The Pandemic Offers a Chance to Finally Kill the SAT. Here's Why More Colleges Should Get on Board
Back when many of us were high school seniors (in ancient times), we checked the mailbox every day for college admissions decisions, guessing at the content of envelopes by their thickness. Now, instead, we watch our own children obsessively refresh their email until results are posted electronically. We watch videos of these moments on social media and choke up at their joy when they get into the school of their dreams.
Do you know what we don’t watch on social media? The videos of students who didn’t get in. And while we know that disappointment is inevitable, we don’t spend nearly enough time wondering if that allocation of hope and sorrow is fair.
We in higher education have an enormous amount of power as the gatekeepers of opportunity. We have the power to create true meritocracy in America — a system where talent and hard work, and not the accident of birth, determines opportunities in life. Instead, I fear, we have been complicit in something much different. Driven by rankings pressure and the search for status, we have become reliant on standardized tests to serve as gatekeepers, even though we know they do not play fair.
But colleges and universities have a rare opportunity right now to turn what started as an emergency response to the pandemic into a permanent improvement of the system: We can start ignoring standardized test scores and help a more diverse set of students experience those moments of acceptance joy.
The SAT and ACT created an illusion of objective fairness. By promising to measure capacity to learn, rather than acquired knowledge, and by creating a single metric across the varied meaning of high school grades, admissions testing would allow colleges to truly measure merit.
Predictably, however, students began to improve their score with practice, rather than sheer merit. What started with how-to books has become a multi-billion-dollar industry of test preparation. Those with resources can significantly improve their score over less privileged students with the same aptitude.
The nation shuddered collectively over the admissions bribery scandal in 2019, with the concept that money could actually purchase opportunity for your child laid so bare. Those actions constituted clear violations of moral and legal standards. But they raised, or should have raised, deeper ethical issues, too. Reliance on standardized tests still allows the purchase of opportunity in more subtle ways.
We know from years of data that standardized test results contain growing disparities by class (and the overlapping issue of race). Research has shown that wealthier students score higher on the SAT compared to students from families with lower incomes. In 2014, on average, students from families who earned more than $200,000 a year scored almost 400 points higher on the SAT than students from families who earned under $20,000 a year.
Those tests that were supposed to be the very guardians of our meritocracy now help make it worse. As further evidence of their failings, standardized tests have also been shown to have limited use in predicting who will do best in college. Research shows that grades earned over four years of effort in high school do a better job of predicting success.

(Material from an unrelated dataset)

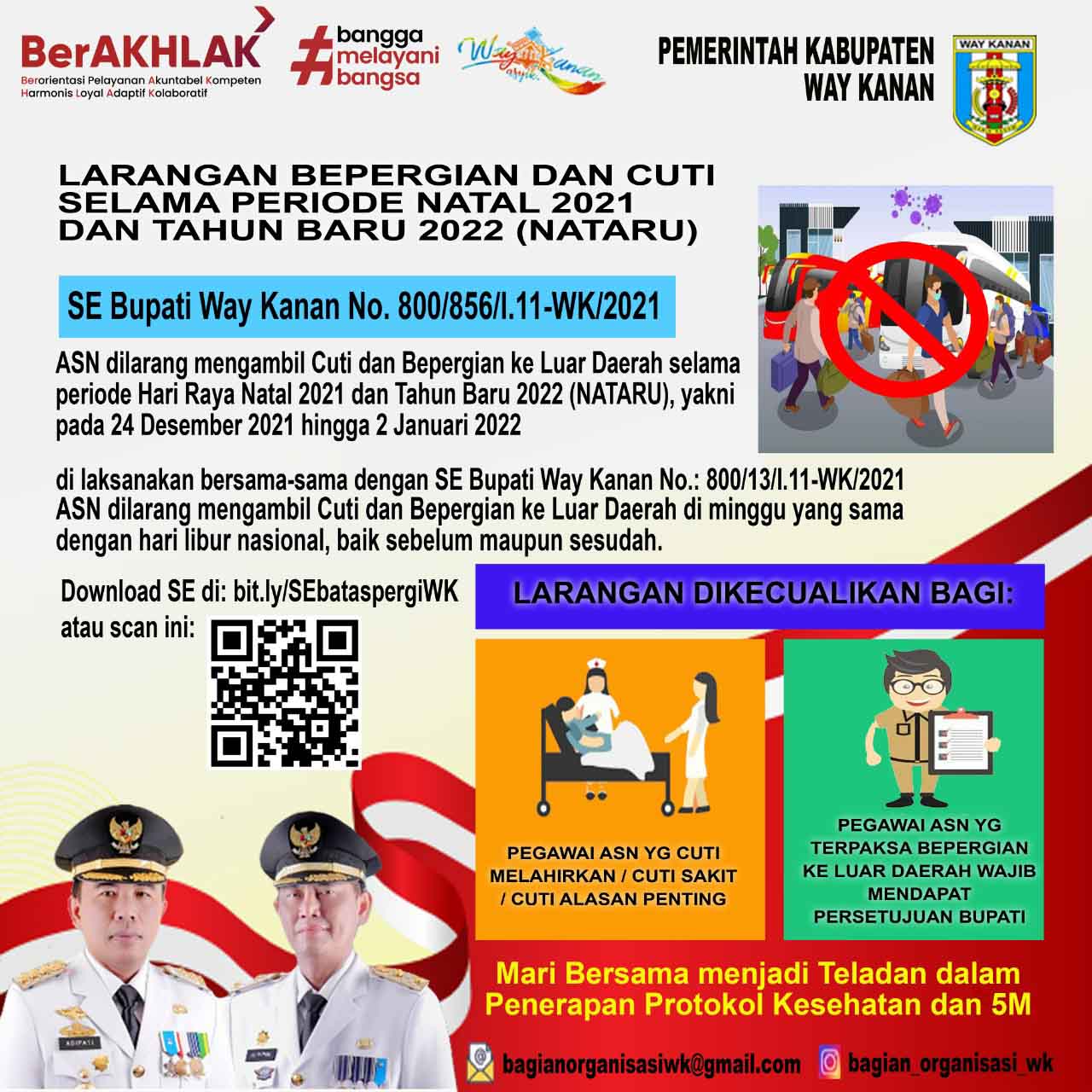 Surat Edaran Bupati Way Kanan Nomor  800/656/I.11-WK/2021 Tentang Pembatasan Kegiatan Bepergian Ke Luar Daerah Dan/Atau Mudik Dan/Atau Cuti Bagi Pegawai Aparatur Sipil Negara Selama Periode Hari Raya Natal Tahun 2021 Dan Tahun Baru 2022 Dalam Masa Pandemi Corona Virus Disease 2019  dilingkungan Pemerintah Kabupaten Way Kanan tersebut merupakan tindak lanjut dari Surat Edaran Menteri PANRB Nomor: 26 Tahun 2021 dan Surat Edaran Gubernur Lampung Nomor: 045.2/4300/07/2021 tentang Pembatasan Kegiatan Bepergian Ke Luar Daerah Dan/Atau Cuti Bagi Pegawai Aparatur Sipil Negara Selama Periode Hari Raya Natal Tahun 2021 Dan Tahun Baru 2022 Dalam Masa Pandemi Corona Virus Disease 2019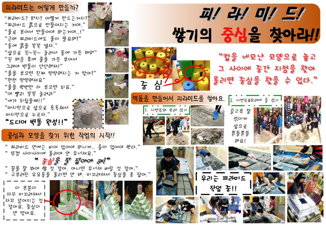 Ä£±¸ ÇÑ ¸íÀÌ ¹æ¹ýÀ» ¾Ë¾Æ³Â´Ù¸ç ³ª¹«ÅëÀ» ±âº»´ë·Î »ï¾Æ¼ ÀÛÀº È뺮µ¹À» ¸¸µé¾î¼ ½×±â ½ÃÀÛÇß´Ù. ¡° ¼±»ý´Ô Àß º¸¼¼¿ä. À̰Ŵ ÀÌ·¸°Ô ½×À¸¸é µÉ °Í °°¾Æ¿ä.¡± ¡°±×·±µ¥ º®µ¹µéÀÌ ´Ù Çϳª°¡ µÇ¾î¹ö·È´Âµ¥.. À̰ŠÀ§·Î ½×¾Æ¼ °è´Üó·³ ÇǶó¹Ìµå·Î ¸¸µé ¼ö ÀÖÀ»±î?¡± ¡°ÀÌ·¸°Ô ÇÏ¸é °è´Ü¸ð¾çó·³ µÇ´Âµ¥..¡± ¡°Åë¿¡ ÈëÀ» ²À²À ³ÖÀÚ.¡± ¡°²Ú ä¿î ÈÄ¿¡ ¹°À» °¡µæ ºÎ¾î¼ ±×·¡¾ß º®µ¹ÀÌ ´Ü´ÜÇØÁ®!¡± ¡°¹°À» ºÎÀ¸¸é ÁøÂ¥ µüµüÇØÁö´Â °Å ¸Â¾Æ?¡± ¡°¸¶Áö¸·À¸·Î »ðÀ¸·Î Åå! Åå! Ãļ ¸¶Áö¸·À¸·Î ´©¸£ÀÚ!!¡± ¡°µåµð¾î º®µ¹ ¿Ï¼º!!¡± ÇÏÁö¸¸ ÈëÀ¸·Î ¸¸µç º®µ¹Àº ¼ÕÀ¸·Î °Çµå¸®°Ô µÇ¸é ±Ý¹æ ¹«³ÊÁö°Ô µÇ¾ú´Ù. ÇǶó¹Ìµå¸¦ °è´Ü½ÄÀ¸·Î ½×À¸¸é µÈ´Ù´Â ¾ÆÀ̵éÀÇ ¸»¿¡ ¾ÆÀ̵éÀº ±Í ±â¿ïÀ̱⠽ÃÀÛÇß´Ù. ¡° º®µ¹À» ¸ñ°ø¿ë Ç®·Î ºÙ¿©¼ °è´Ü¸ð¾çÀ¸·Î ºÙÀÌ¸é¼ ¹Ù¸£¸é ³Ñ¾îÁöÁö ¾ÊÀ»²¨¾ß!¡± ¡° ¾Æ´Ï´Ù. ½Ã¸àÆ®¸¦ ÈëÀ̶û ¹°À» ³Ö°í º®µ¹ »çÀÌ¿¡ ¹ß¶ó¼ ºÙÀÌ¸é µÈ´Ù.¡± ¡° ÀÏ´ÜÀº ½×±â ÄÅ Àִ°Ŷû, ¿ìÀ¯Åë, Ã¥, ¾Æ´Ï¸é ±æÁ×ÇÑ °É·Î ¸¸µé¾î º¸ÀÚ.¡± ¡° ÇǶó¹Ìµå¸¦ ¸¸µé ¶§´Â ¼³°èµµ¸¦ ±×¸®¸é µÇ¿ä. ´Ù¸¥ °Å ÇÒ ¶§µµ ¼³°èµµ¸¦ ±×¸®°í ÇÏ¸é ¸¸µé±â°¡ ÆíÇØ¿ä.¡± ¡° ¶Ñ²±ÀÌ ¹Ì²ô·¯¿ö¼..¶Ñ²± »çÀÌ»çÀÌ¿¡ ¿Ã·Á¾ß ÇØ¿ä.¡± ¡° Áß½ÉÀ» Àß Àâ¾Æ¾ß ÇØ!¡± ¡° ³¡À» Àß ¸ÂÃç¾ßÁö Àß ¿Ã¶ó°¡.¡± ¡° ±¸ºÎ·¯Áø ¿ìÀ¯ÅëÀ» ¿Ã¸®¸é ¾È µÅ. ¹Ì²ô·¯Á®¼ Áß½ÉÀ» Àß ¸ø Àâ¾Æ.¡± À¯Ä¡¿ø¿¡¼ ÀÖ´Â °Íµé·Î ½×¾Æº¸°í ¹«³ÊÁö°í¸¦ ¹Ýº¹ÇÏ¸é¼ ¾î¶² ¸ð¾çÀÌ¿©¾ß ÇÏ´Â Áö¿¡ ´ëÇÏ¿© °í¹ÎÇϱ⠽ÃÀÛÇß´Ù.

Why then do colleges keep using them? In part because college rankings depend so heavily upon scores. And although U.S. News and World Report, which runs the most recognized college ranking, has attempted to diminish that reliance, schools still use their average test scores as a measure of status. It is difficult for any single school to buck that trend on its own without taking a real hit.
Yet, the incredible disruption of the COVID-19 pandemic meant that the tests themselves were unavailable for months last year, allowing universities to take a leap together that was too costly to take alone. Now, more than two-thirds of universities (including many of the elites) have declared themselves at least temporarily test-optional. No longer will they require the SAT or ACT for admission.

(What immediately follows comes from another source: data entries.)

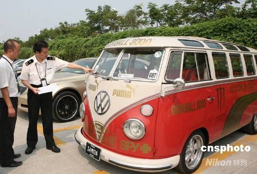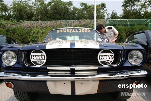 圖為福特野馬(Ford Mstang)跑車正在接受海關(guān)關(guān)員認(rèn)真的檢查。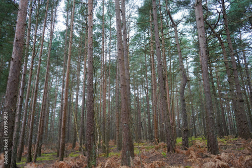 Obraz premium Looking in to a pine tree forest
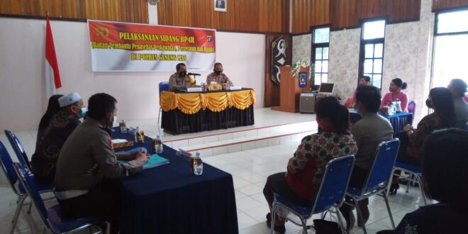 beritakalteng.com – KUALA KURUN – Sebanyak lima pasang calon pengantin yang akan melaksanakan perkawinan dengan anggota Polri, menjalani sidang BP4R (Badan Pembantu Penasehat Perkawinan Perceraian dan Rujuk) di aula Bhayangkari Polres Gunung Mas, Kamis (18/2/2021) pagi.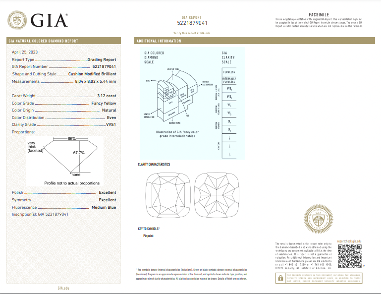 - 3.12 Carat Fancy Yellow Cushion VVS1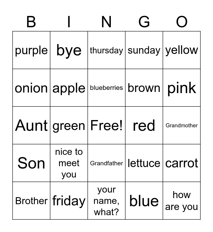 This bingo card has a free space and 52 words: hello, how are you, my name is..., your name, what?, nice to meet you, good/thank you, bye, tomato, onion, corn, apple, strawberry, carrot, lettuce, watermelon, grapes, blueberries, red, orange, yellow, green, blue, purple, brown, tan, gray, black, white, pink, my favorite color, your favorite color, what?, sunday, monday, tuesday, wednesday, thursday, friday, saturday, Family, Mother/Mom, Father/Dad, Grandmother, Son, Daughter, Grandfather, Niece, Nephew, Aunt, Uncle, Sister, Brother and Cousin.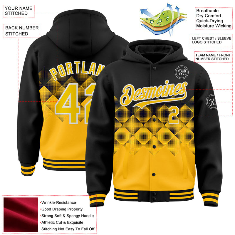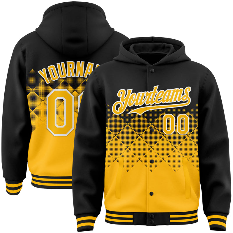 Custom Black Gold-White Gradient Square Shape 3D Pattern Design Bomber Full-Snap Varsity Letterman Hoodie Jacket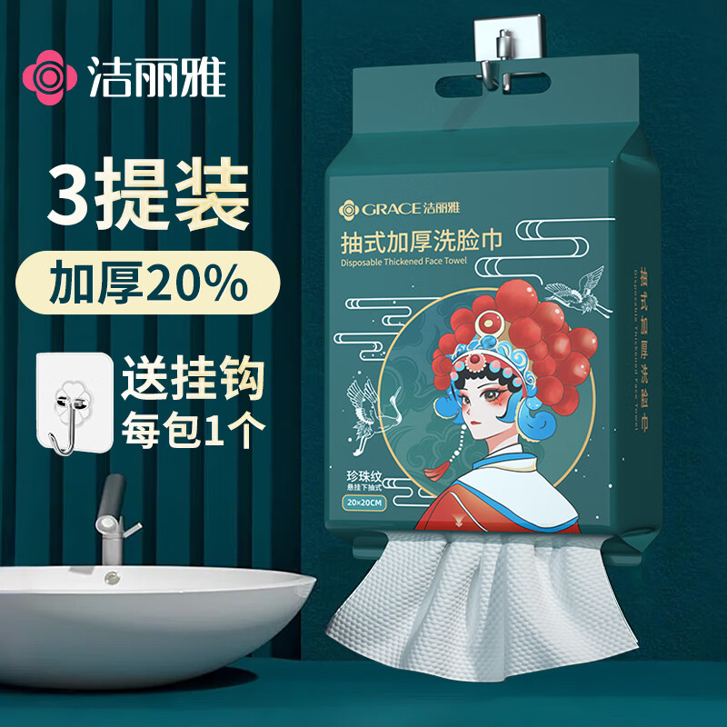 洁丽雅(Grace)一次性洗脸巾加厚母婴干湿两用绵柔巾珍珠纹吸水洁面巾120抽*3包

Is that victory? Not so fast. Schools that allow, but don’t require, SAT/ACT scores are still influenced by testing. They still publish average test scores and submit them for ranking purposes. While test-optional schools do see some increases in applications and acceptances for underrepresented students, students must still guess at whether an application submitted without scores will stand the same chance.
To be completely transparent about what we value, we at Loyola New Orleans have decided to go entirely “test-blind,” meaning that we will no longer consider test scores at all even after the pandemic is over and testing can resume. Following this decision, Loyola New Orleans has received the most applications in university history for the Fall 2021 semester, a 19% increase over last year.

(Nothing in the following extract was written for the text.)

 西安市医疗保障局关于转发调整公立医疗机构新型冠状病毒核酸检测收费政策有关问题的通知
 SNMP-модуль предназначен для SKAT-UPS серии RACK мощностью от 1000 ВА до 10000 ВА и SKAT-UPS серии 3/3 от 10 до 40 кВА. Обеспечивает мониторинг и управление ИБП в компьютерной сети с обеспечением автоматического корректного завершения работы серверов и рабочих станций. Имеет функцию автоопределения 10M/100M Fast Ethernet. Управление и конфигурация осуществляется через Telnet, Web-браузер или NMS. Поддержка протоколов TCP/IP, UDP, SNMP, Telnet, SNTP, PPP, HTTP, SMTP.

Among those applicants who have been admitted to the university thus far are 35% more first-generation students over last year, 34% more Pell-eligible students, 57% more Black students, 33% more Hispanic students, 17% more Asian students and 22% more students who identify as multiracial.
Instead of test scores, our admissions counselors will focus on those all-important grades, the difficulty of the courses chosen and a holistic review of the talents demonstrated and the obstacles overcome. These factors are best used to identify a student’s strengths and weaknesses, and they help us do a better job of choosing the students who will flourish here, regardless of their ability to afford an expensive ACT course. And as a Jesuit, Catholic institution fueled by mission, that matters enormously to us.
We followed in the footsteps of a handful of other schools and, since then, have been followed by the entire University of California system.
But that’s not enough. Many more schools need to take this bold leap and seize the opportunity presented by COVID-19 to permanently and completely remove test scores from the application process. Any consideration of these flawed measures is too much.
Tania Tetlow, J.D., is the president of Loyola University New Orleans.